Ростов закричал тоже, пригнувшись к седлу, что было его сил, желая повредить себе этим криком, но только чтобы выразить вполне свой восторг государю.
Государь постоял несколько секунд как будто в нерешимости.
«Как мог быть в нерешимости государь?» — подумал Ростов, и эта нерешимость показалась Ростову еще более величественною. Но нерешительность продолжалась мгновение. Нога государя с узким острым носком дотронулась до паха англизированной гнедой красавицы лошади, на которой он ехал; рука государя в белой перчатке перебрала поводья, и все тронулось прочь и скрылось за беспорядочно, но грациозно заколыхавшимся морем адъютантов.
Когда смотр кончился, заиграли песенники, офицеры съехались группами и начались разговоры о наградах, о австрийцах, их мундирах, посыпались насмешки, встречи приятелей гвардейцев с кутузовскими войсками, разговоры о Бонапарте и о том, как ему плохо придется теперь, особенно когда подойдет еще корпус Эссена и Пруссия примет нашу сторону.
Но, главное, говорили о государе Александре, передавали каждое его слово, движение и восторгались им. Все только желали под предводительством государя поскорее идти против французов. Все после смотра были уверены в победе больше, чем бы могли быть после двух выигранных сражений.
VI
На другой день после смотра Борис, одевшись в лучший мундир и напутствуемый пожеланиями успеха от своего товарища Берга, поехал в Ольмюц к Болконскому, желая воспользоваться его лаской и устроить себе наилучшее положение при важном лице, казавшееся ему особенно заманчивым в армии. Внутренний голос говорил ему против его намерений, и ему иногда казалось стыдно идти кланяться кому бы то ни было.
«А впрочем, нет, — говорил он сам себе, — это все детские и рыцарские фантазии Ростова, которые отзываются во мне. Это пора оставить. Это хорошо ему, которому отец присылает по десять тысяч. (Я не завидую ему и люблю его.) Но мне, ничего не имеющему, кроме своей головы, надо делать свою карьеру».
Он подавил в себе это чувство ложного стыда, как ему казалось, и с решимостью отправился в Ольмюц. Он не застал в этот день князя Андрея в штабе, но тот блеск, те признаки власти и праздничного, торжественного обихода жизни, которые он видел теперь в Ольмюце, где стояла главная квартира, дипломатический корпус и оба императора с своими свитами придворных, приближенных, только больше усилили его желание принадлежать к этому верховному миру.
Он никого не знал, несмотря на его щегольской гвардейский мундир, все эти сновавшие по улицам в щегольских экипажах, плюмажах, лентах и орденах придворные и военные, казалось, стояли так высоко от него, что не хотели и не могли даже признавать его существование.

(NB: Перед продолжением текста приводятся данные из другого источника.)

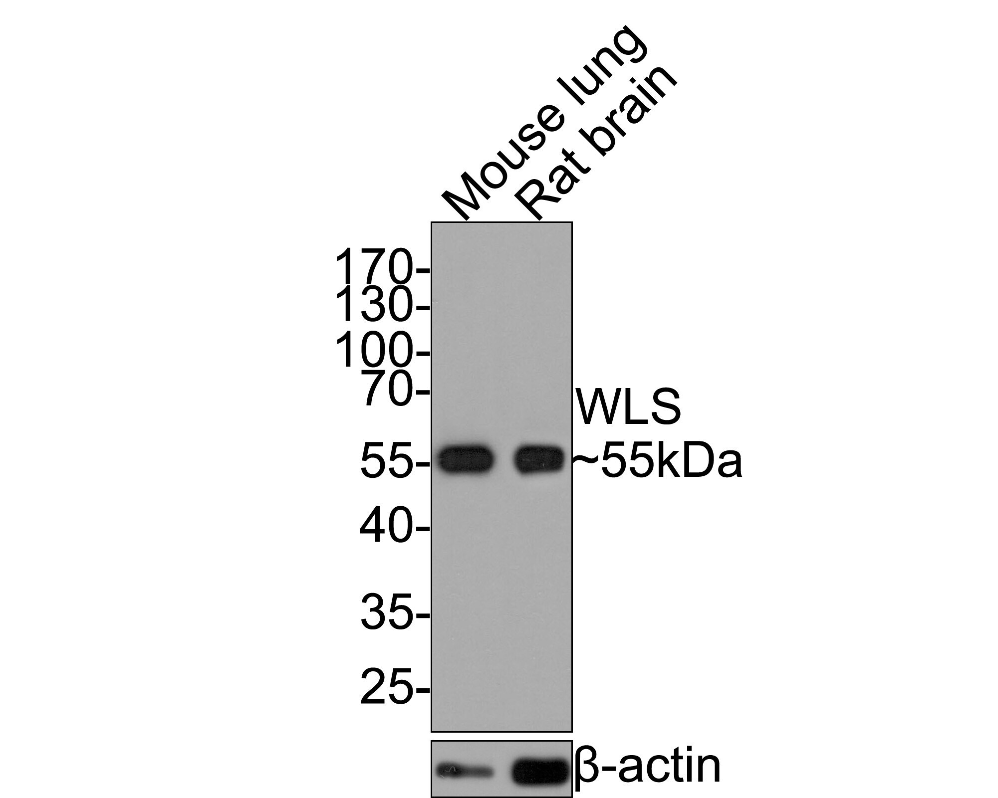 - Western blot analysis of WLS in different lysates (20 µg/Lane). Exposure time: 30 seconds; 10% SDS-PAGE gel. Proteins were transferred to a PVDF membrane and blocked with 5% NFDM/TBST for 1 hour at room temperature. Samples were incubated in WLS Monoclonal antibody (Product # MA5-44978) using a dilution of 1:5,000 in 5% NFDM/TBST at room temperature for 2 hours followed by Goat Anti-Mouse IgG - HRP secondary antibody at a dilution of 1:100,000 for 1 hour at room temperature. Lane 1: Mouse lung tissue lysate; Lane 2: Rat brain tissue lysate. Predicted band size: 62 kDa. Observed band size: 55 kDa.

В главной квартире Кутузова, где он спросил Болконского, все эти адъютанты и даже денщики смотрели на него так, как будто желали внушить, что таких, как он, офицеров много и много сюда шляются и что они все уже очень надоели. Несмотря на это, или скорее вследствие этого, на другой день, 15-го числа, он после обеда опять входил в большой ольмюцкий дом, занимаемый Кутузовым, и спросил Болконского. Они были дома, и Бориса провели в большую залу, в которой, вероятно, прежде танцевали, а теперь стояли пять кроватей и разнородная мебель: столы, стулья и клавикорды. Один адъютант, ближе к двери, в персидском халате, сидел за столом и писал. Другой, красный, толстый, лежал на постели, подложив руки под голову, и смеялся с присевшим к нему офицером. Третий играл на клавикордах веселый вальс, четвертый лежал на этих клавикордах и подпевал ему. Болконского не было. Никто из этих господ, заметив Бориса, не изменил своего положения. Тот, который писал и к которому обратился Борис, досадливо обернулся, сказав ему, что Болконский дежурный и чтобы он шел налево в дверь, в приемную, коли ему нужно видеть его. В приемной, кроме дежурного адъютанта, из входящих, проходящих и выходящих постоянно было человек пять, то генерал-квартирмейстер, то начальник артиллерии, то старший адъютант, то начальник отряда, то оберпровиантмейстер, то начальник собственной канцелярии, то адъютант-ординарец, флигель-адъютант и т. п., и т. п. Все они почти без исключения говорили по-французски.